The Milliman study looked at 2016 and 2017 claims data from 50 states and hundreds of health plans that insure 37 million people. Patients are more likely to use out-of-network care options for any kind of mental health service: in-patient, outpatient, and office visits. For example, a person is 5.2 times more likely to use an in-patient facility that doesn’t take their insurance for a behavioral health problem than for a medical or surgical issue, up from 2.8 times in 2013. A person with a behavioral health condition was 5.4 times more likely to go out of network for an office visit in 2017, up from 5 times in 2013, the study shows.

“This report is a scathing indictment of the insurance industry’s lack of initiative and dedication to addressing this crisis head on,” says Patrick Kennedy, a former congressman who introduced the law requiring better insurance coverage for mental health. He sent a letter to House Energy and Commerce Committee Chairman Frank Pallone and House Education and Labor Committee Chairman Bobby Scott urging hearings on the issue of insurance access to mental health care based on the Milliman findings. 

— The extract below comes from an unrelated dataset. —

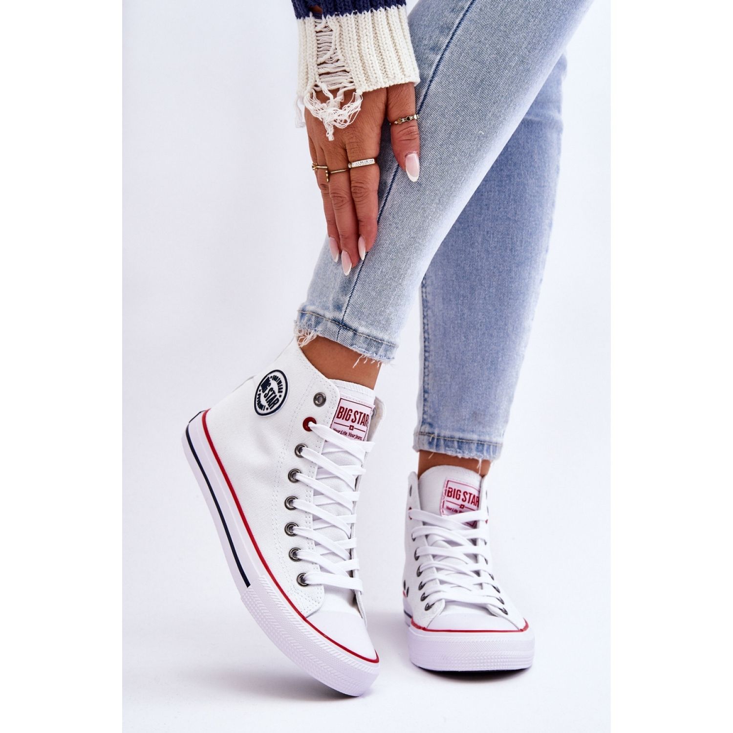 Sneakers Big Star T274026 White - Steg i stil är ett utmärkt val för kvinnor som värderar en kombination av komfort och fashionabla design. Höga sneakers från det berömda polska varumärket Big Star skiljer sig inte bara med estetik utan också med funktionalitet. Deras övre tillverkning av högkvalitativ tyg ser inte bara bra ut, utan ger också tillräcklig ventilation och komfort när du bär.

"The problem is urgent and needs everyone’s attention," says American Psychiatric Association CEO Saul Levin. The APA pointed out this survey is of insurance offerings that are considered "Cadillac plans" for their generous benefits. "If a plan charges a patient for a product – access to mental health and substance use disorder treatment – and then ensures through its business model that there will be no providers to deliver that treatment – it is an unfair and deceptive trade practice."

The report also shows that medical and surgical providers received higher in-network reimbursement rates than behavioral health providers for similar work. Primary care doctors, were paid as much as 23.8% more than a mental health professional for a comparable appointment in 2017. “So many mental health professionals are not seeing new patients in-network, or they’re coming out of med school and being essentially guided that they shouldn’t participate in the networks,” says Michael Thompson, chief executive officer of the National Alliance of Healthcare Purchaser Coalitions, which represents 12,000 employers that provide health insurance for 45 million people. “It’s really the people in crisis—newer patients—that are having serious access problems.”

The study’s authors looked at the utilization of out-of-network care for children’s behavioral health problems and found that in 2017 it was 10 times more likely that a child would go out of network for behavioral health-care office visits as opposed to for primary care, more than double the ratio for adults.

“This report shows that Americans continue to face barriers to mental health care perpetuated by insurance companies, such as red tape and lack of in-network providers,” says Angela Kimball, acting CEO of the National Alliance on Mental Illness. “The current situation is putting lives at risk.”